What you give must be the lines from the one containing "7일 오전 10시 현재 날씨. 사진=기상청 홈페이지 캡처" through the last line of the listing below, exactly, with nothing else and no pictures.

Top of The data

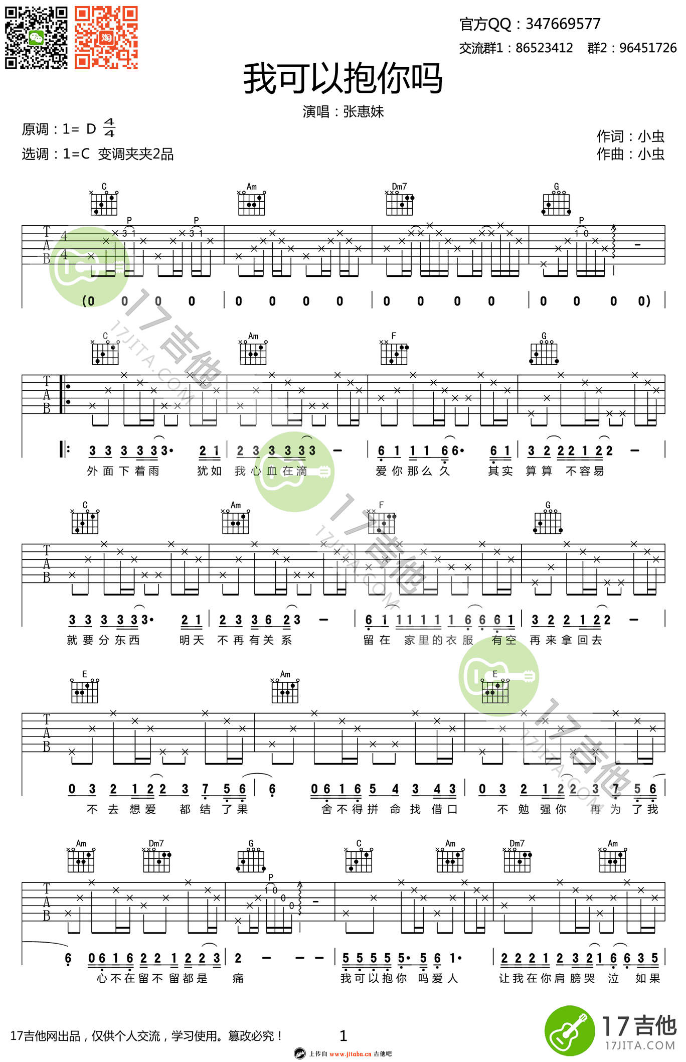 《张惠妹《我可以抱你吗吉他谱》(C调)》内容来自于互联网,不能保证内容的准确性与完整性,仅供学习交流欣赏,请勿用于其它用途,内容版权归原作者及来源网站所有,如有侵犯到您的权益请来信告知,我们将及时删除。
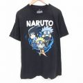 XL★古着 半袖 Tシャツ メンズ アニメ NARUTO ナルト疾風伝 大きいサイズ クルーネック 黒
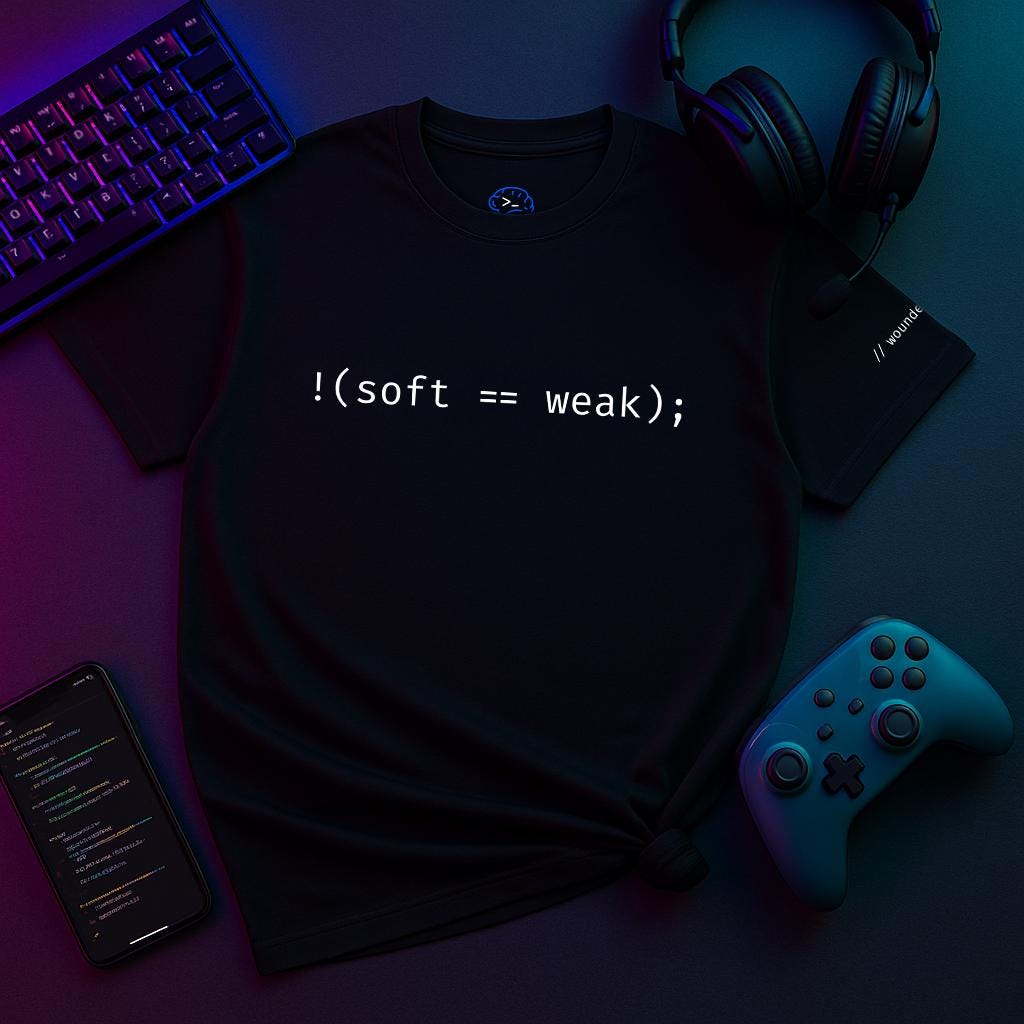A declaration that flips the logic: softness isn’t weakness — it’s emotional precision written in clean syntax.
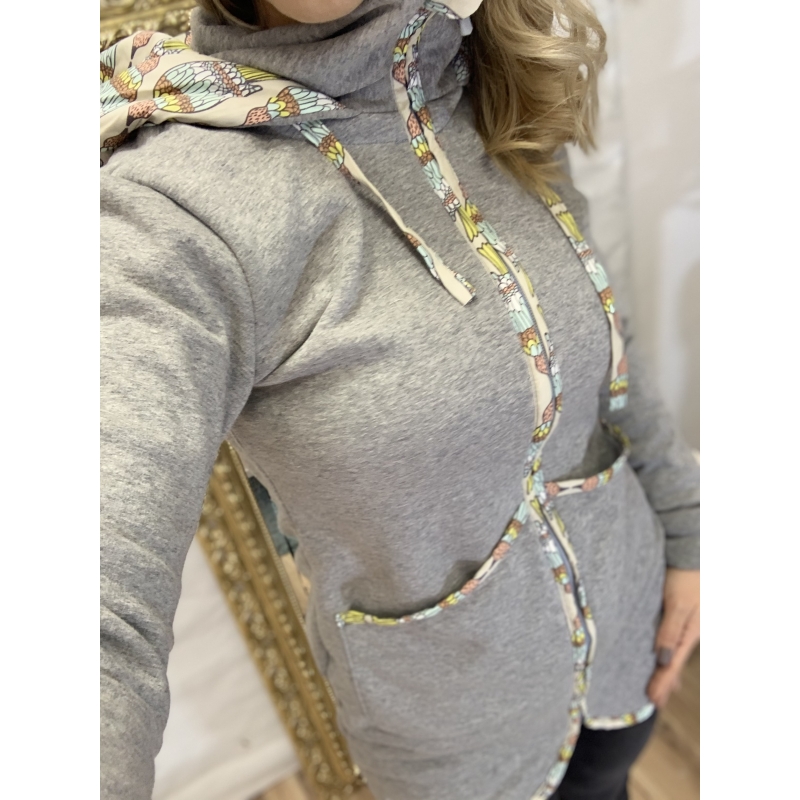 Dizajn každej mikiny dotvára originálna dizajnová látka v kapucni, na lemoch a okolo zipsu.
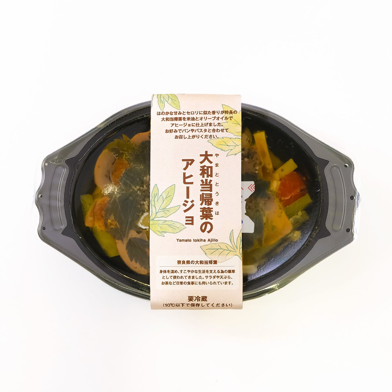 今回近畿事業部では、奈良県高取町で農福連携事業に取り組む「農業生産法人有限会社ポニーの里ファーム」が栽培する大和当帰葉を使った商品を、「株式会社京都義の」「幸南食糧株式会社」と共同開発しました。奈良県の高取町は「日本書紀」にも薬の原料を採取する薬狩りをした場所として記録されるなど、薬の町として知られています。かつては生薬として大和当帰の根は利用されていたものの、葉は使われず廃棄されていました。平成24年に葉が非医(医薬品ではない)扱いとなり、医薬的な効能・効果をうたわなければ食品として販売可能になったことを受け、葉の活用が広がっています。大和当帰の認知度を高めること、葉を有効活用することを目指して商品化を行いました。アヒージョにすることで、味や風味を油に移し、大和当帰葉を食べたときに口の中に広がる三つ葉やセロリに似たアクセントのある強い香りを楽しんでいただけるようにしています。
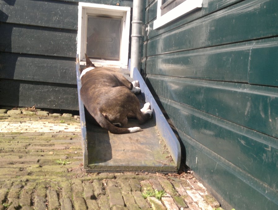 Ook Tess vindt het loopplankje naar het hondendeurtje wel een lekker warm beschut plekje...
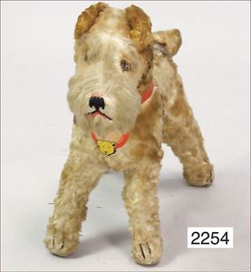 STEIFF Hund, 30 cm, 5-fach gegliedert, Knopfaugen, mit Knopf, Druckstimme defekt, teilw. Mohairverlust
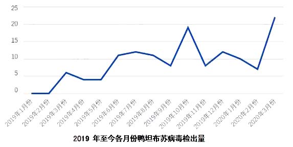 近期坦布苏病毒在肉鹅上检出率有所上升,发病日龄集中在30~81。鸭坦布苏病毒单独感染病例极少,与流感、鸭源新型小鹅瘟、鸭星状病毒、鸭肝炎、巴氏杆菌、浆膜炎、圆环等常见疫病混感率极高。这段时间坦布苏病毒感染病例剖检症状多表现为包心包肝、气囊炎等,神经症状以及特征性剖检症状不典型,极易与H9、大肠杆菌、浆膜炎等疾病混淆,这类病例只能通过实验室检测发 现,眼观不易察觉,而且视混感疫病的不同种类以及数量的不同, 死亡量在 10、20 只/天~200、300 只/天。 五、鸭肝炎及鸭星状病毒 本季度鸭肝炎检出率为 3.99%,主要集中在山东地区,临沂、潍坊、聊城等养鸭密集地区都有所涉及。发病日龄为 4—35,跨度较大,日龄越小死亡量越大,且大日龄发病个体极容易继发浆膜炎、鸭源新型小鹅瘟、圆环等其他疾病。鸭肝炎阳性病例中,感染 C 型者居多,肝脏肿大、出血,症状典型,部分群体紧急免疫抗体效果不错,但是极容易复发,呈反复发作态势;部分群体则无效。 |
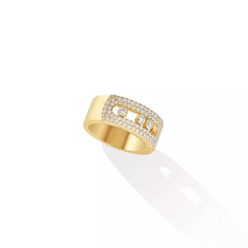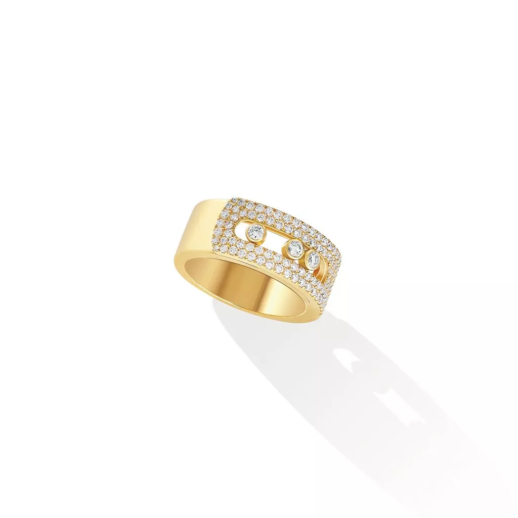 Nella versione grande, la Maison Messika rivisita l’anello Move Noa in oro giallo 18 carati. Un brillante pavé di diamanti bianchi lo illumina.
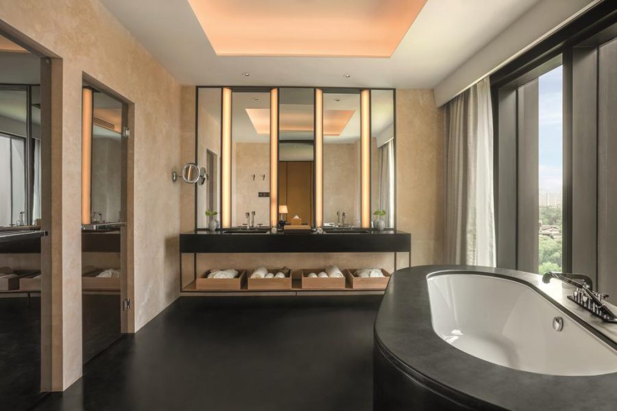 ที่พักสวยปักกิ่ง — Waldorf Astoria Beijing ออกแบบโรงแรมด้วยศิลปะแบบจีนดั้งเดิมผสมผสานกับความทันสมัยของยุคปัจจุบันได้อย่างลงตัว ห้องพักกว้างขวางสวยงามมีระเบียงส่วนตัวโซนห้องพักผ่อนในห้องนอน ห้องน้ำหรูหราด้วยกระจกบานใหญ่ กระเบื้องหินอ่อนเพิ่มความหรูหรา
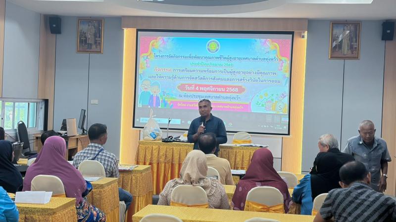 รายละเอียด : กิจกรรมการเตรียมความพร้อมการเป็นผู้สูงอายุอย่างมีคุณภาพและให้ความรู้ด้านการจัดสวัสดิการสังคมและการสร้างวินัยในการออม ณ ห้องประชุมเทศบาลตำบลทุ่งหว้า จัดโดยงานสวัสดิการและสังคมเทศบาลตำบลทุ่งหว้า
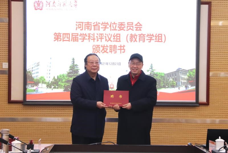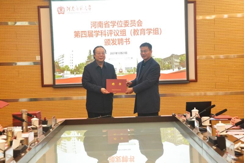会上,河南师范大学党委书记、教育学科评议组召集人赵国祥教授为电子游戏官网院长何安明教授、张茂林教授等专家组成员颁发聘书。
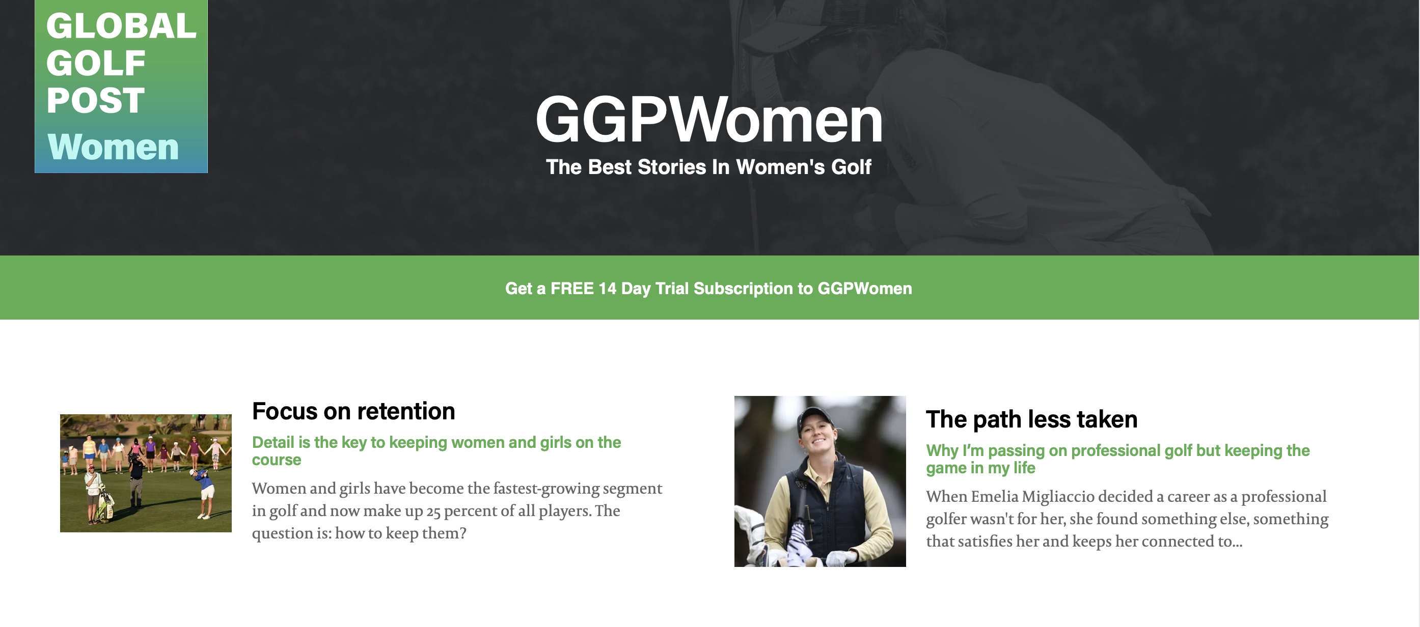 GGPWomen is a subscription service priced at $60 annually or $7 monthly. It joins Global Golf Post’s two other subscription businesses: GGP+, a platform for original, premium quality golf journalism, and GGP/Biz, a golf industry news service. To access complimentary, 14-day trial subscriptions, visit www.ggpwomen.com.
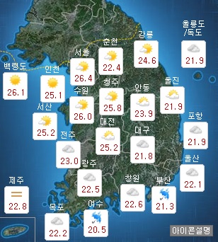 7일 오전 10시 현재 날씨. 사진=기상청 홈페이지 캡처
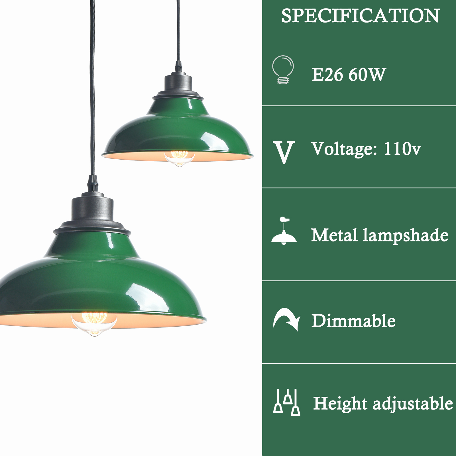 The green pendant light fixture’s canopy and lamp holder are coated in a dark gray finish while its dome shade flaunts a green finish. The dome shade boasts a white interior to maximize reflectivity. Its mix of finishes encompasses both a dash of drama and a touch of modernity, yet maintains an industrial edge. Its green lampshade gives your home a snappy look and a glamorous, refreshing vibe. It sports a durable green finish and a dome shade to bring a bit of factory-inspired elements to your living space. Its dark gray finish offers a stark contrast to the green finish and adds alluring eye appeal to the interior. It comes with a 49.21-inch adjustable fabric cord.

Bottom of The data

Exercise result:
 7일 오전 10시 현재 날씨. 사진=기상청 홈페이지 캡처
 The green pendant light fixture’s canopy and lamp holder are coated in a dark gray finish while its dome shade flaunts a green finish. The dome shade boasts a white interior to maximize reflectivity. Its mix of finishes encompasses both a dash of drama and a touch of modernity, yet maintains an industrial edge. Its green lampshade gives your home a snappy look and a glamorous, refreshing vibe. It sports a durable green finish and a dome shade to bring a bit of factory-inspired elements to your living space. Its dark gray finish offers a stark contrast to the green finish and adds alluring eye appeal to the interior. It comes with a 49.21-inch adjustable fabric cord.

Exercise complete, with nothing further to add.